Dataset excerpts

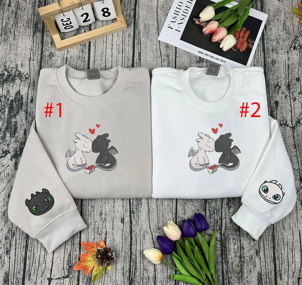 Toothless And Light Fury Embroidered Sweatshirt Fashion Style For Couples, Valentines Gift For Him/Her
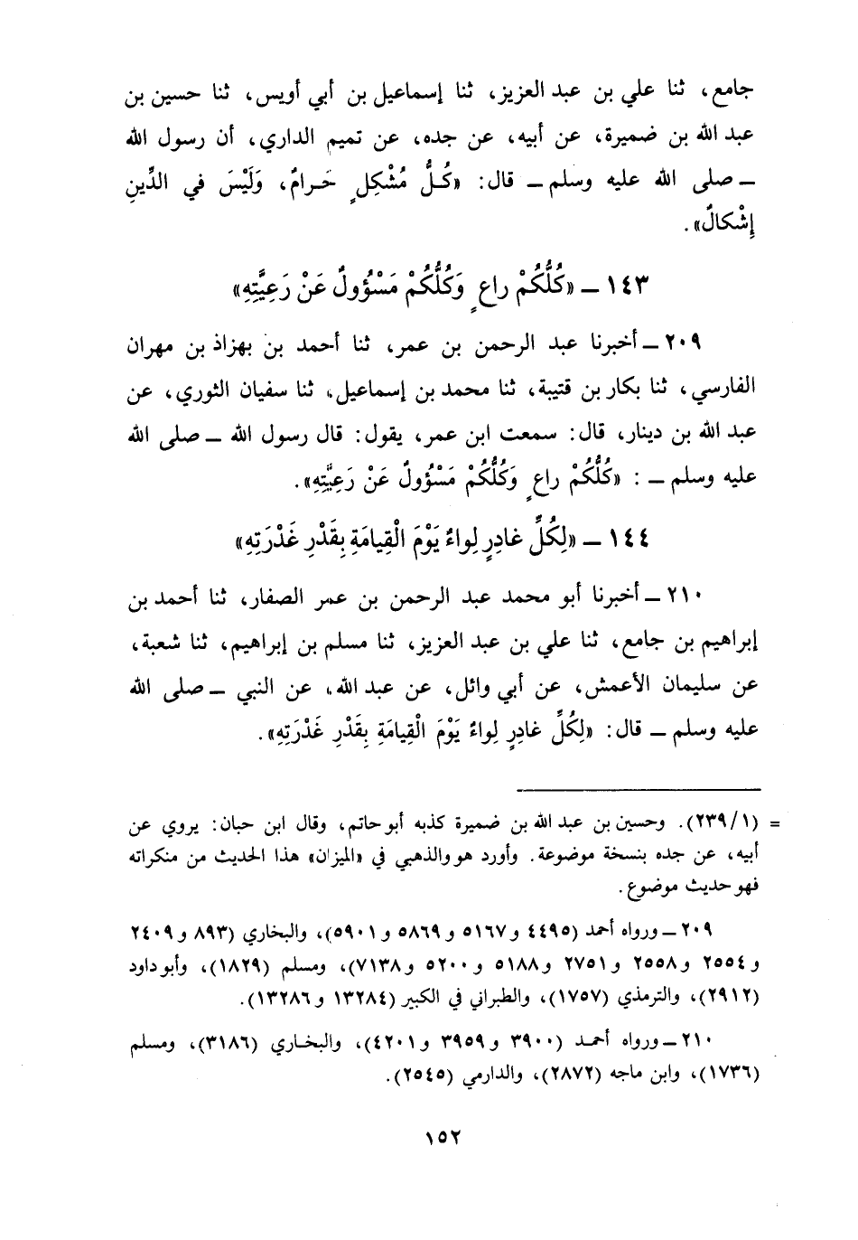 209 - أَخْبَرَنَا عَبْدُ الرَّحْمَنِ بْنُ عُمَرَ، ثنا أَحْمَدُ بْنُ بُهْزَاذَ بْنِ مِهْرَانَ الْفَارِسِيُّ، ثنا بَكَّارُ بْنُ قُتَيْبَةَ، ثنا مُحَمَّدُ بْنُ إِسْمَاعِيلَ، ثنا سُفْيَانُ الثَّوْرِيُّ، عَنْ عَبْدِ اللَّهِ بْنِ دِينَارٍ، قَالَ: سَمِعْتُ ابْنَ عَمْرٍو، يَقُولُ: قَالَ رَسُولُ اللَّهِ صَلَّى اللهُ عَلَيْهِ وَسَلَّمَ: «§كُلُّكُمْ رَاعٍ وَكُلُّكُمْ مَسْئُولٌ، عَنْ رَعِيَّتِهِ»
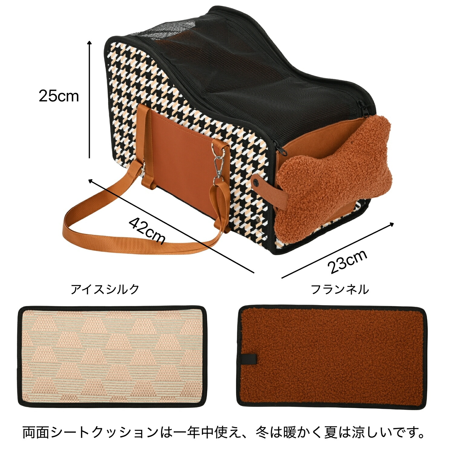 リバーシブル両面クッション:ふわふわ暖かい冬面と、さらり涼しい夏面の夏冬兼用仕様。春夏のお花見やアウトドアも快適。
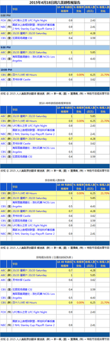 2015年4月18日周六美剧收视报告
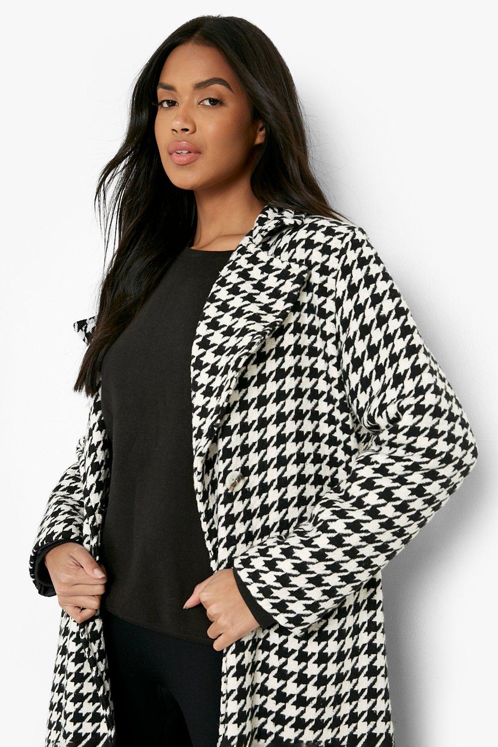 Black White Dogtooth Print Longline Coat Very well made.
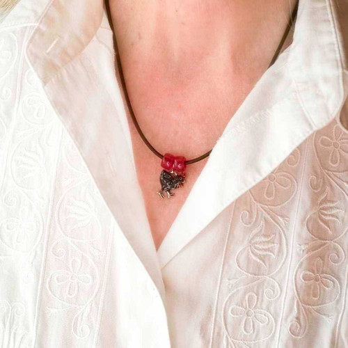 Wear this cute Rhode Island Red chicken necklace to celebrate this lovely breed. Hand painted in gorgeous translucent colors. The pendant measures 3/4” tall by 1/2” wide, and comes ready to wear on an 18” nylon cord. Choose your favorite bead color!

**YOUR TASK**:
Transcribe, word for word, the line holding "リバーシブル両面クッション:ふわふわ暖か" and all lines after it in the entries above, ending with the last. Only those lines; no pictures.

**REPLY**:
 リバーシブル両面クッション:ふわふわ暖かい冬面と、さらり涼しい夏面の夏冬兼用仕様。春夏のお花見やアウトドアも快適。
 2015年4月18日周六美剧收视报告
 Black White Dogtooth Print Longline Coat Very well made.
 Wear this cute Rhode Island Red chicken necklace to celebrate this lovely breed. Hand painted in gorgeous translucent colors. The pendant measures 3/4” tall by 1/2” wide, and comes ready to wear on an 18” nylon cord. Choose your favorite bead color!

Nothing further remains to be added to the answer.